Our development of potent, highly specific CDK8 inhibitors and the lack of CDK8-dependent antiproliferative activity for 32 on the HCT-116 colon cancer cell line has therefore served to substantiate the emerging, complex picture of the role of CDK8 in cancer. STAT1 pSer727 has been potently downregulated by inhibition of CDK8/19 by different compounds and appears to be a useful biomarker of inhibition. The impact of CDK8 kinase inhibition in proliferation is cell line dependent, and possibly condition dependent, and appears to diverge from the scaffolding functions of CDK8 as evidenced by the differing antiproliferative effects of CDK8 knockdown and kinase inhibition in HCT-116 cells.

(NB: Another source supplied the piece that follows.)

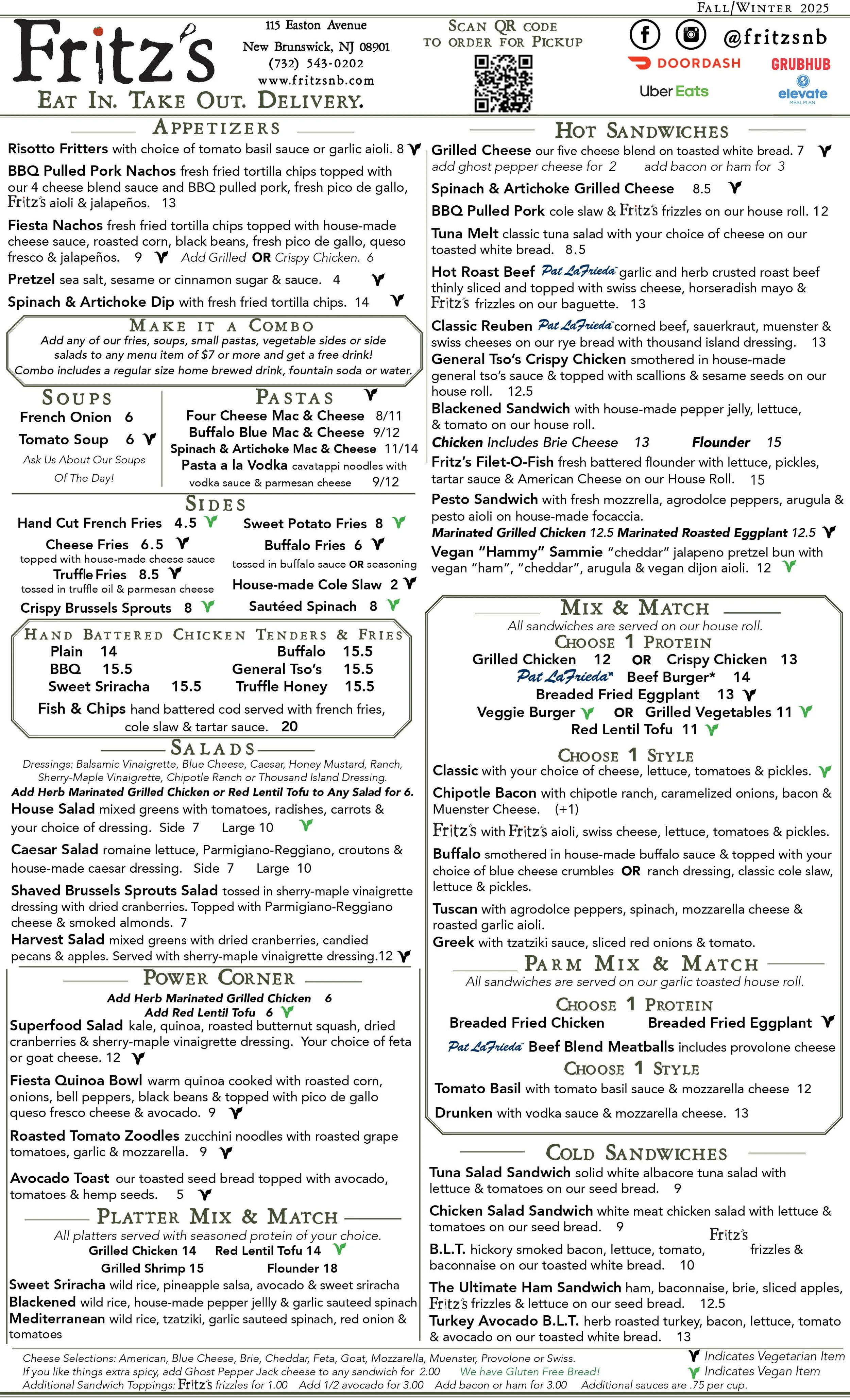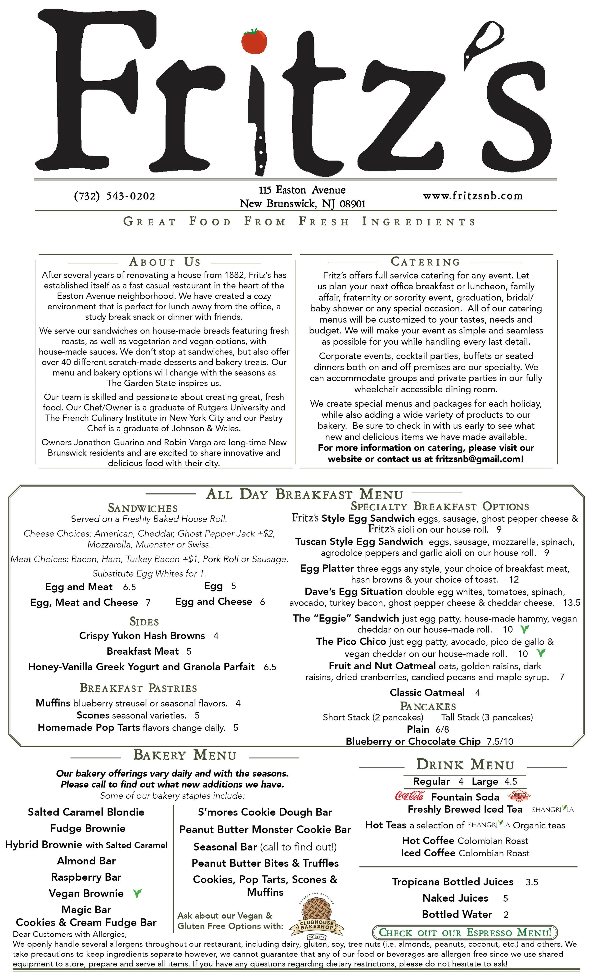 Nestled within a beautifully renovated 1882 house, Fritz's has become a beloved fast-casual dining destination in the heart of the Easton Avenue neighborhood. Whether it's a lunch away from the office, a study break snack, or dinner with friends, our cozy environment sets the perfect scene.

Further investigation of these differences is clearly important to understanding the roles of CDK8.

Supporting Information Available

The Supporting Information is available free of charge on the ACS Publications website at DOI: 10.1021/acsmedchemlett.5b00278.

• Description of the preparation of 1–32 along with kinase selectivity and experimental procedures used in the determination of the cocrystal structure of 22 with CDK8 (PDB: 5CEI), and the preparation and characterization of our genetically altered HCT-116 cell line (PDF)

The authors declare the following competing financial interest(s): M.F.T.K., P.B., E.M.B., K.B., K.R.C., R.F., J.R.K., M.L.M., L.S., S.S., J.W., and M.H.B. are employees of Genentech, Inc; K.M. and E.V.S. are employees of Proteros Biostructures, GmbH.